SQLのバックアップだけでは、画像や動画まで含む完全な復旧にはなりません。 反対に、キューは配送中の作業を運ぶ場所であり、投稿や配送結果を保存する データベースの代わりではありません。

ローカルとリモートのActivityPubデータ

このサーバーで作成したアカウントは actors に保存します。ほかのサーバーから取得したプロフィールは actor_cache に保存し、ローカルアカウントとは区別します。リモートプロフィールは 再取得できるキャッシュですが、ローカルアカウントとして扱ってはいけません。

投稿などのActivityPubオブジェクトは、ローカルで作成したものも、 連合で受信したものも objects で扱います。各レコードはActivityPubのURLで識別され、 is_local で作成元を区別します。受信した投稿、アクティビティ、フォロー関係は タイムラインや通知の動作に使われるため、リモート由来という理由だけで 使い捨てのキャッシュとはみなしません。

スキーマの正本

テーブルと索引を更新するSQLの正本は、 @takosjp/yurucommu-core パッケージの migrations/ です。この製品リポジトリはcoreを利用して Workerを組み立てます。Takosumi向けには、ロック済みcoreのSQL本文を 自己完結したバンドルへ生成し、実行時に別のパッケージ取得を必要としない 配布用アーティファクトとして管理します。現在の構造を調べるときは、 利用中の共通パッケージに含まれるSQLとスキーマ定義を確認してください。

適用済みSQLの共通の履歴は yurucommu_migrations です。Cloudflare向けの wrangler.jsonc も、共通パッケージのSQL保存先とこの履歴の名前を指定しています。

マイグレーションを適用する責任

Workerコードの公開と、保存済みデータを変えるマイグレーションは別の作業です。 Workerを更新してもSQLは自動では適用されません。先にコードだけを戻せるのか、 データも復元する必要があるのかを分けて判断してください。

Takosumiなどの管理ホスト

管理経路の正本は deploy/takoform です。 ここにはSQLデータベース、オブジェクトストレージ、KV、2本のキューなど、 Yurucommuが必要とするものが書かれています。実際にどのサービスで実現するかは ホストが決めるため、Cloudflare D1を前提にはしていません。
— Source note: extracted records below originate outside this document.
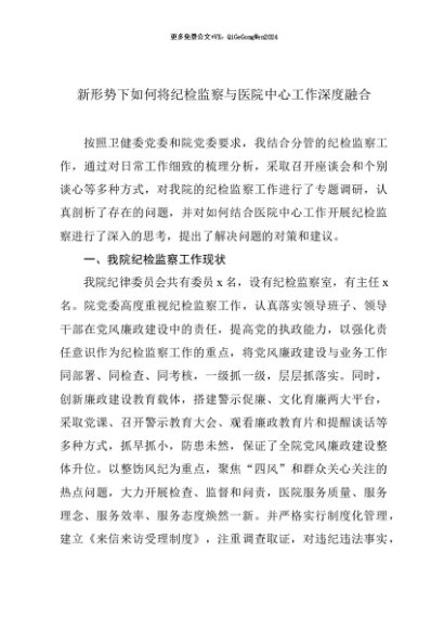 / 【七哥公文】2024年:某市公立医院纪委书记专项工作调研报告+更多免费公文+VX:QiGeGongWen2024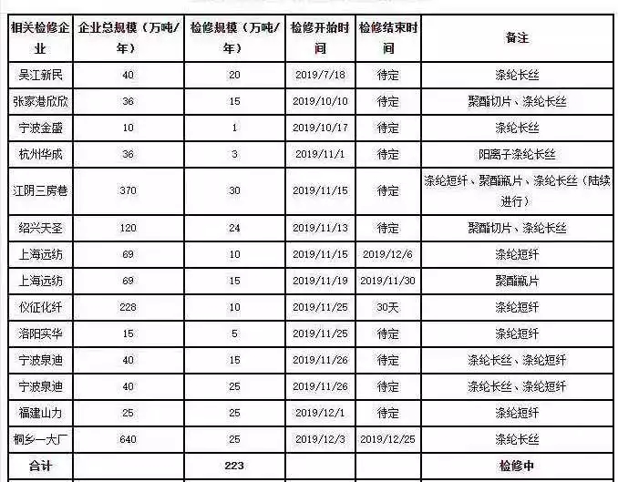????????1、四川能投化學PTA裝置于2019年5月底投產
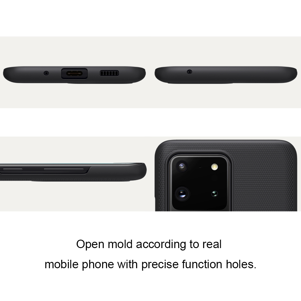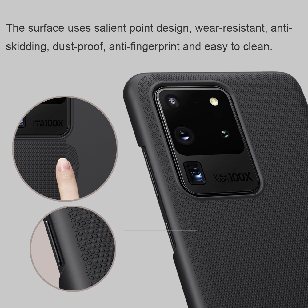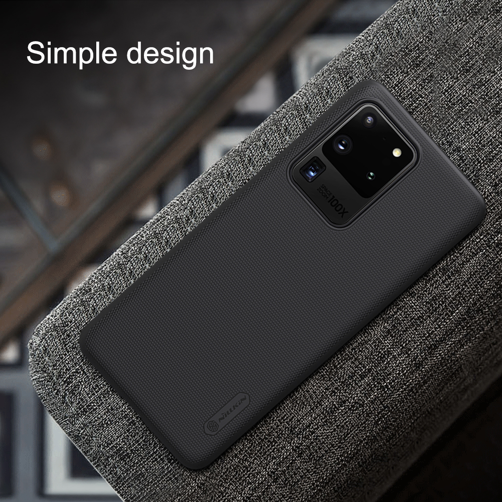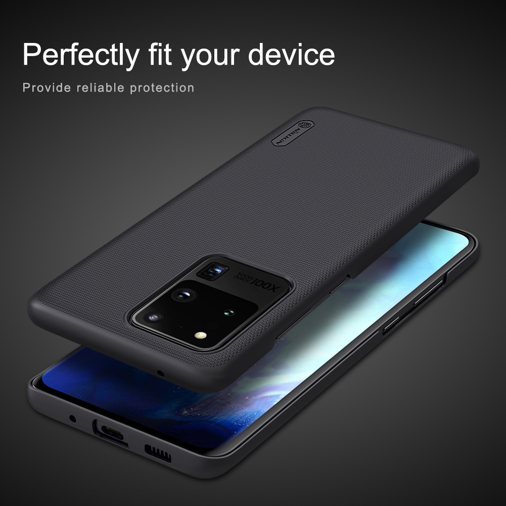 Чехол черного цвета от Nillkin серии Super Frosted Shield для смартфона Samsung Galaxy S20 Ultra изготавливается из экологичных материалов путем высокоточного литья под давление с высокой температурой.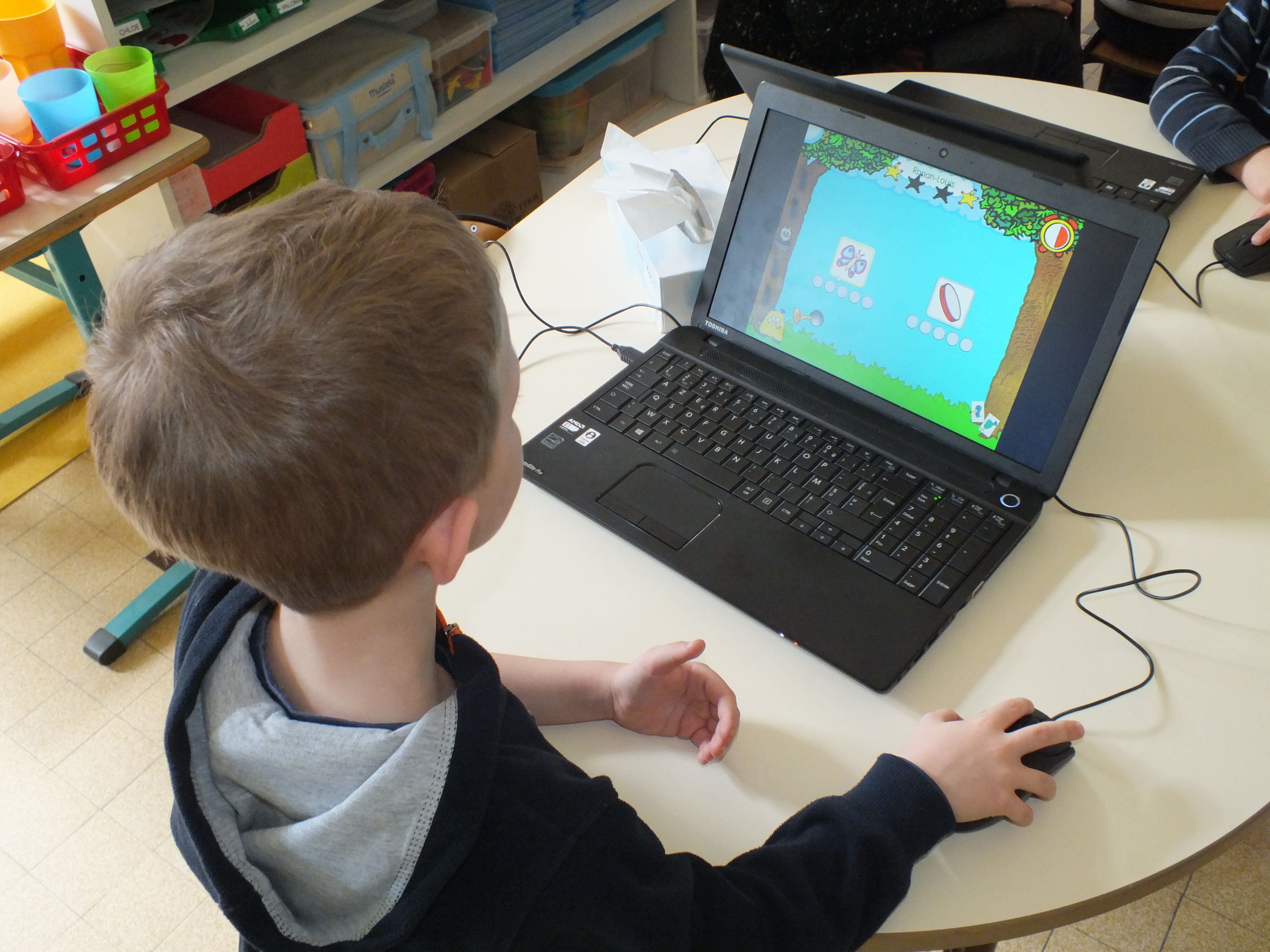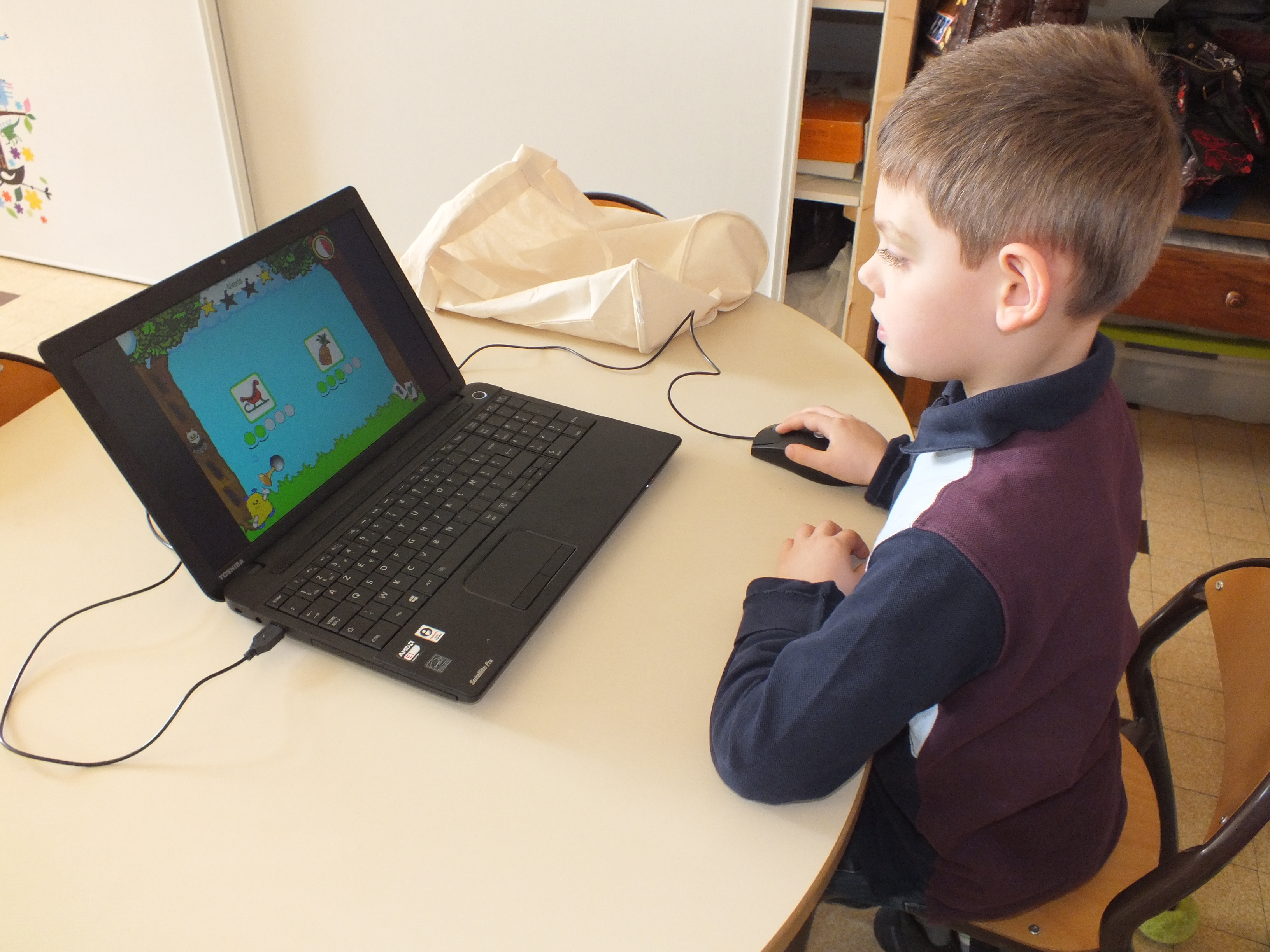 Depuis le début de l’année scolaire, 2 après midi par semaine, les élèves peuvent pratiquer l’ordinateur avec ZOOM afin de jouer avec les lettres et les sons. Un suivi de chacun est réalisée par l’enseignante.

deploy/takoform/migrations/schema-bundle.json には、ロック済みcoreから生成したSQL本文、SQL一覧、各SQLのハッシュが 1つの自己完結したバンドルとして記録されています。ホストはデータベース リソースのApply中に、このインストールが作成したデータベースを特定し、 選んだバージョンに含まれる一覧を使ってSQLを適用して結果を記録します。 完了するまでデータベースをReadyにしません。 似た名前のデータベースだけを根拠にSQLを実行しません。

Cloudflareへ直接セルフホストする場合

ルートの main.tf または wrangler.jsonc を使う経路では、Cloudflareアカウントを管理する運用者がD1の更新を担当します。 対象データベース、現在の適用履歴、バックアップ、復旧方法を確認してから、 共通パッケージのSQLを適用し、結果を読み返してください。
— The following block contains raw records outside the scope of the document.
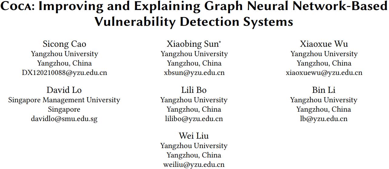 在刚公布的国际软件工程顶级会议ICSE 2024 (International Conference on Software Engineering)论文录用结果中,我院博士生曹思聪为第一作者的论文“Coca: Improving and Explaining Graph Neural Network-Based Vulnerability Detection Systems”以长文类型录用。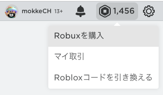 ロブロックスにログインし、右上のRobuxアイコンから「Robuxを購入」を選択します。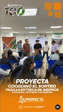 PROYECTA en compañía de la personería y funcionarios de la alcaldía de armenia, realizo sorteo que beneficio a las familias cafeteras del municipio de armenia, a través del proyecto de fortalecimiento del Paisaje Cultural Cafetero -PCC-, impulsado desde el gobierno liderado por Juan Miguel Galvis Bedoya y de la empresa PROYECTA, en esta oportunidad se vieron beneficiadas 28 familias cafeteras pertenecientes a distintas veredas de esta municipalidad, se resaltó que las familias que cumplan con todos los requisitos que se exigen en el marco de este proyecto, serán dotadas de insumos y elementos que facilitaran su actividad cafetera, lo que permitirá una mejora en los procedimientos de cultivo, dejando como resultado una mejor y mayor productividad de café.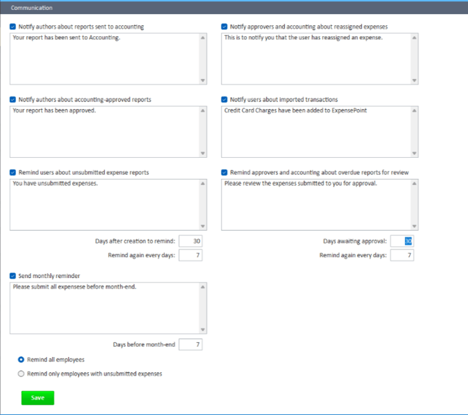 - Notify authors about reports sent to accounting – we recommend not to turn this on unless employees are not happy with the approval durations.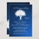Elegant sapphire blue retirement party invitation with white tree silhouette.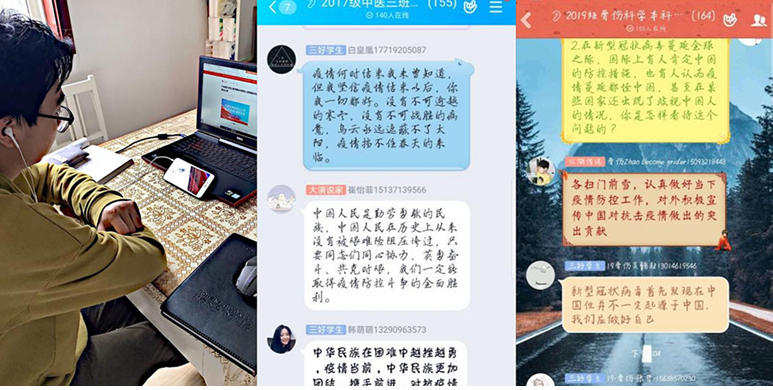 各年级各班通过网络连线的方式,以科学防疫、英雄人物、身边典型、使命担当、身心健康等内容为切入点,开展了一场场别开生面的主题班会,使大学生的交流学习、思想共鸣在时空线上前行,主动讲好抗疫期间感人的中国故事。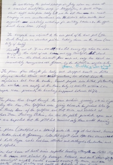 In my research on the land army, I decided to conflate an incident I read about and a memory from my Dad that he has related on a number of occasions. I asked him to write out everything he could remember about it, which he did and I asked some follow up questions, part of which will make it into the manuscript.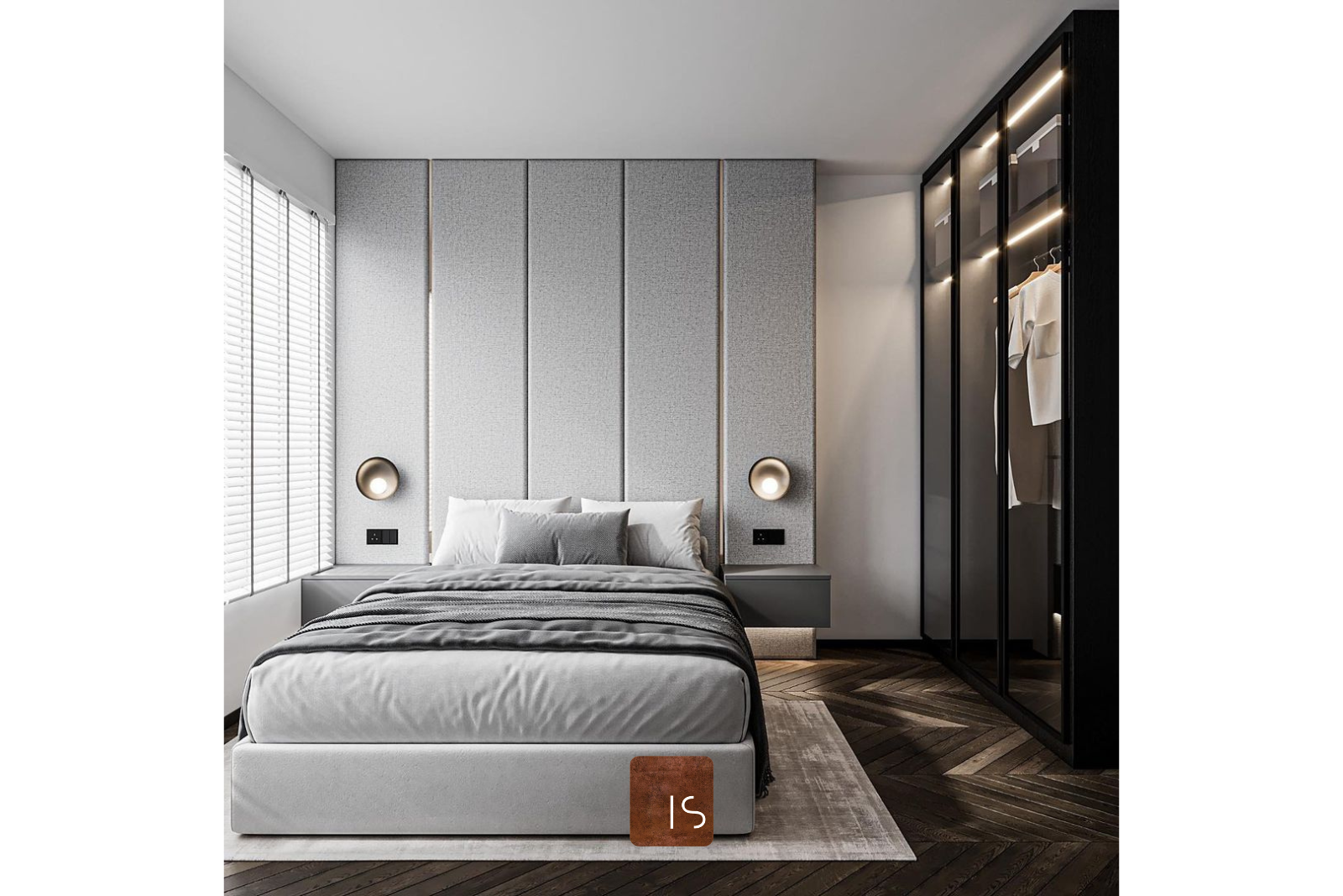 Design Concept | Modern Minimalist | The design concept of Trivelis DBSS is centered around modern minimalism, emphasizing functional luxury. Each space within the unit is crafted with the intent to evoke a sense of tranquility and order. The color palette is carefully curated, predominantly featuring neutral shades that bring about an expansive and calming environment. This is complemented by strategic lighting that highlights the sleek lines and textures of the furniture and finishes. The use of natural wood in herringbone patterns for the flooring, alongside the padded textile headboard in the bedroom, introduces organic textures that break the monotony and add warmth to the spaces. The design leverages clean, uncluttered lines and a blend of matte and reflective surfaces to create a dynamic yet cohesive aesthetic across the home.

古い環境にWrangler既定の d1_migrations が残っていることがあります。現在のSQL一覧と先頭から同じ順番で並んでいると 確認できる場合だけ yurucommu_migrations へ履歴をまとめます。途中の欠番、知らない名前、重複がある場合は、 先頭からSQLを再実行せず停止して調査してください。

更新前後に確認すること

  1. 管理ホスト経由かCloudflareへの直接導入かを確認し、管理画面や実行結果から 対象データベースを一意に特定する
  2. 使用する共通パッケージとSQL一式が、公開するWorkerと対応していることを 確認する
  3. 現在の適用履歴を読み、バックアップと隔離した復元先を用意する
  4. SQLを適用し、台帳と必要なテーブルを読み返す
  5. /readyzを確認し、ログイン、投稿、画像アップロード、 外部配送も試す

途中で失敗した場合は、原因が分からないまま同じSQLを繰り返し実行しません。 適用済みの範囲を確認し、用意した復元手順または追加修正で回復します。

バックアップと復旧

Takosumiのインストール履歴や構成情報のバックアップと、 Yurucommuの投稿やメディアを含むサービスデータのバックアップは別物です。 管理ホストを使う場合も、インストール履歴と構成情報を保存しただけでは YurucommuのSQLデータやオブジェクトを復元できません。
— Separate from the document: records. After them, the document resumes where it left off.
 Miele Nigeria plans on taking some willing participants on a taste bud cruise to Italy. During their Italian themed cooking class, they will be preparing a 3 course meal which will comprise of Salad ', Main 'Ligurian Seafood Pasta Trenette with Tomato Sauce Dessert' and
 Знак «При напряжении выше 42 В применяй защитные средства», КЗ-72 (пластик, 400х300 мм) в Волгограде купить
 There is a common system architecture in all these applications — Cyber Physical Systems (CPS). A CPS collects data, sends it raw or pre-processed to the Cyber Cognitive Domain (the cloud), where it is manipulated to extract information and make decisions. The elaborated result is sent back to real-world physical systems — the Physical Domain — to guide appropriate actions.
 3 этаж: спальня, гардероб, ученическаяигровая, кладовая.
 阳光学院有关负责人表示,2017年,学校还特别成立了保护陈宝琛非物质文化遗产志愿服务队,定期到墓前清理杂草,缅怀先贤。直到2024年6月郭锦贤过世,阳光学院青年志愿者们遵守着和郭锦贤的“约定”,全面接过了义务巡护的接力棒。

バックアップの作成方法、保持期間、復元先は、利用するホストやCloudflareの 運用手順に従います。データベースの書き出しファイルが存在するだけで、 復旧できると判断しないでください。

トラブルシューティング

Applyは成功したがテーブルがない

リソースの作成とSQLの適用は別工程です。管理ホストではApply後のSQL更新の 実行結果と対象データベースを確認します。Cloudflareでは Workerを公開しただけでSQL適用済みとは判断せず、 yurucommu_migrations を確認してください。

「すでに存在する」エラーやSQL適用履歴の不一致が出る

yurucommu_migrations と、存在する場合は d1_migrations の両方を読みます。未知の行、重複、途中の欠番があれば自動で埋めず、 使用中の共通パッケージと既存スキーマを照合してください。

/readyzが503になる

応答本文の statusmissingBindings を確認します。まず DBKVAPP_URLENCRYPTION_KEY、認証方法を確認し、DBへの接続はあるのに クエリが失敗する場合は、SQL適用履歴とWorkerが利用する共通パッケージの版を 照合します。

画像だけ保存できない

SQLではなく MEDIA の接続先と権限を確認します。CloudflareではR2、管理ホストでは オブジェクトストレージがこの役割です。DBの復旧後にメディアが欠ける場合も、 同じ接続先とオブジェクトストレージ側の復元結果を確認してください。

投稿は保存できるが外部へ届かない

DELIVERY_QUEUEDELIVERY_DLQ、 それぞれのキューを処理するWorker、最後の失敗理由を確認します。 SQLデータベースが正常でも、キューの接続や処理が止まっていれば 外部配送は進みません。

接続名とデプロイ経路の詳細は デプロイ、 Cloudflareの設定は Cloudflare設定 を参照してください。